One of this season's episodes of "Desperate Housewives" had Lynette Schiavo, played by Felicity Huffman, going for a job interview after six or seven years of being out of the ad business.
While waiting in the lobby, she phones to see if there have been any callbacks on the other six interviews she's already had. None.
Then, as she sits, she overhears two young women around 30 talking about how old they're getting.
"In this business, after 35, they take you out and they shoot you in the face," says one. As Huffman, whose character is 43, passes them on her way into the interview, she tells them, "Do me a favor, if you hear a gunshot, tell my four kids I love them."
It sort of hit home.
At 53 and in the job market for the first time in 17 years, it had never occurred to me that age could be an issue until I was at an interview a few months ago.
Two of the three interviewers were around 30. When one of the younger ones asked me if I really felt I could transition back into public relations after 16 years in the newspaper business, I felt her doubt was about something more -- like, was I capable of adapting after all this time, at my age?
It was the same for Huffman's character, who said later in the episode, "The bottom line is no one wants to hire someone who could have made out with their dad on prom night."
When I ran that idea by an executive search professional here in Traverse City, though, he didn't see it that way.
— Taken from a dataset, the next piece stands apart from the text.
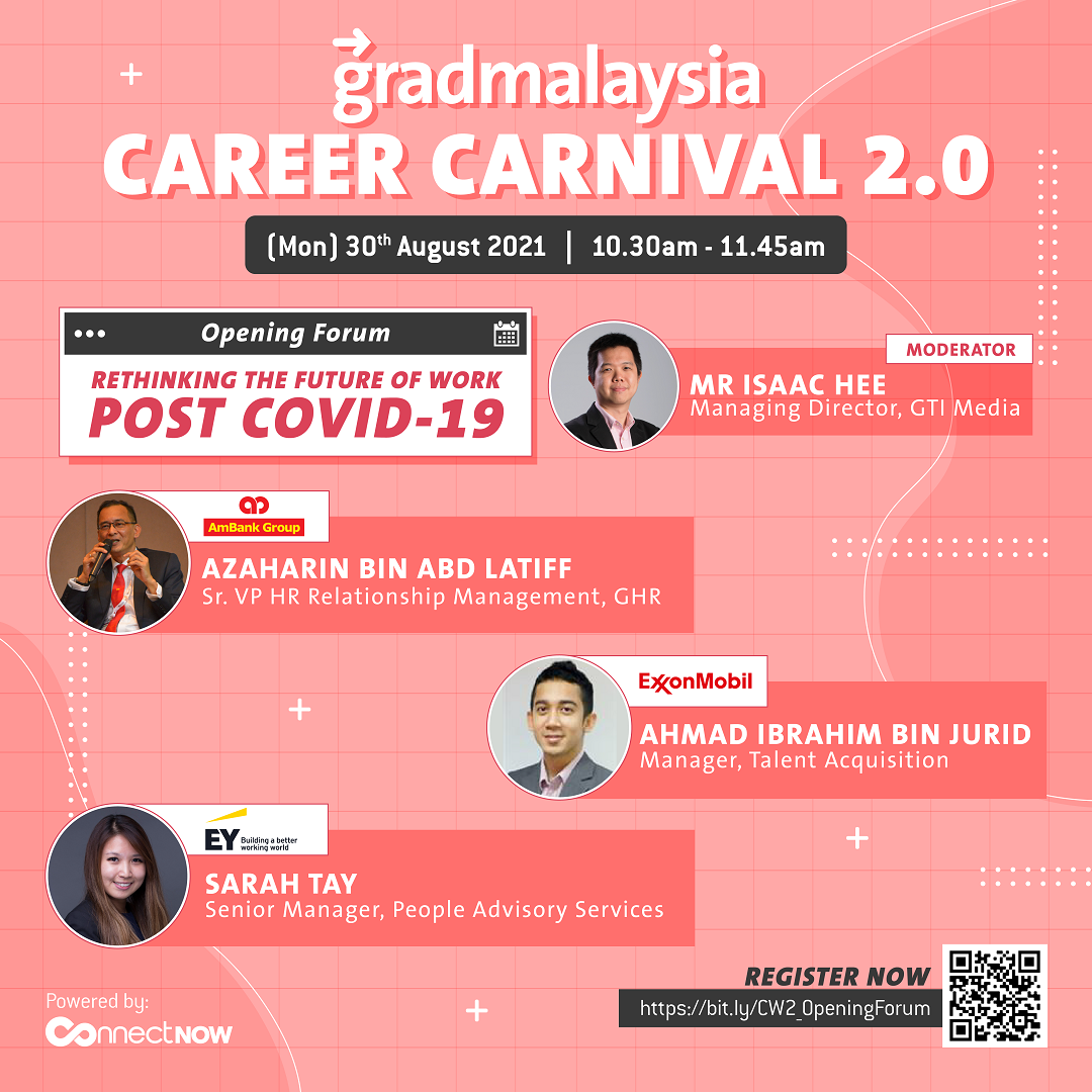And to start off the event, you are all invited to the gradmalaysia Career Carnival 2.0 Opening Forum, “Rethinking The future of work post COVID-19” this coming Monday, 30th of August from 10.30 AM – 11.45 AM. Moderated by GTI Media’s Managing Director, Mr Isaac Hee, he will be joined by Mr Azaharin Abdul Latiff from AmBank Group Malaysia, Mr Ahmad Ibrahim Jurid of ExxonMobil and Ms Sarah Tay of EY Malaysia.

He suggested instead that people of any age need to get with the program. It's not about how old you are, he said, but about being current.
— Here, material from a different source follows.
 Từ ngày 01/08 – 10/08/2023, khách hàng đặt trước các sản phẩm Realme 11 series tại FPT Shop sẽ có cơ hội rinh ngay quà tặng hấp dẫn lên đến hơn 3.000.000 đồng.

"People would not wear the same tux or wedding dress as they did at prom (ages ago) or even a social function from five years ago," he said. "Styles change, and people change with those styles."
Social media is exploding and if you aren't part of it, he said, you could be left behind -- especially if you are in a field where it's becoming a key communications tool.
I was thinking that being my age doesn't mean I can't catch up and on to things I never had to learn in my old job. What he's saying is don't tell them you'll catch up, just do it. Take a class. Volunteer to get hands-on experience. Now. While you're job hunting.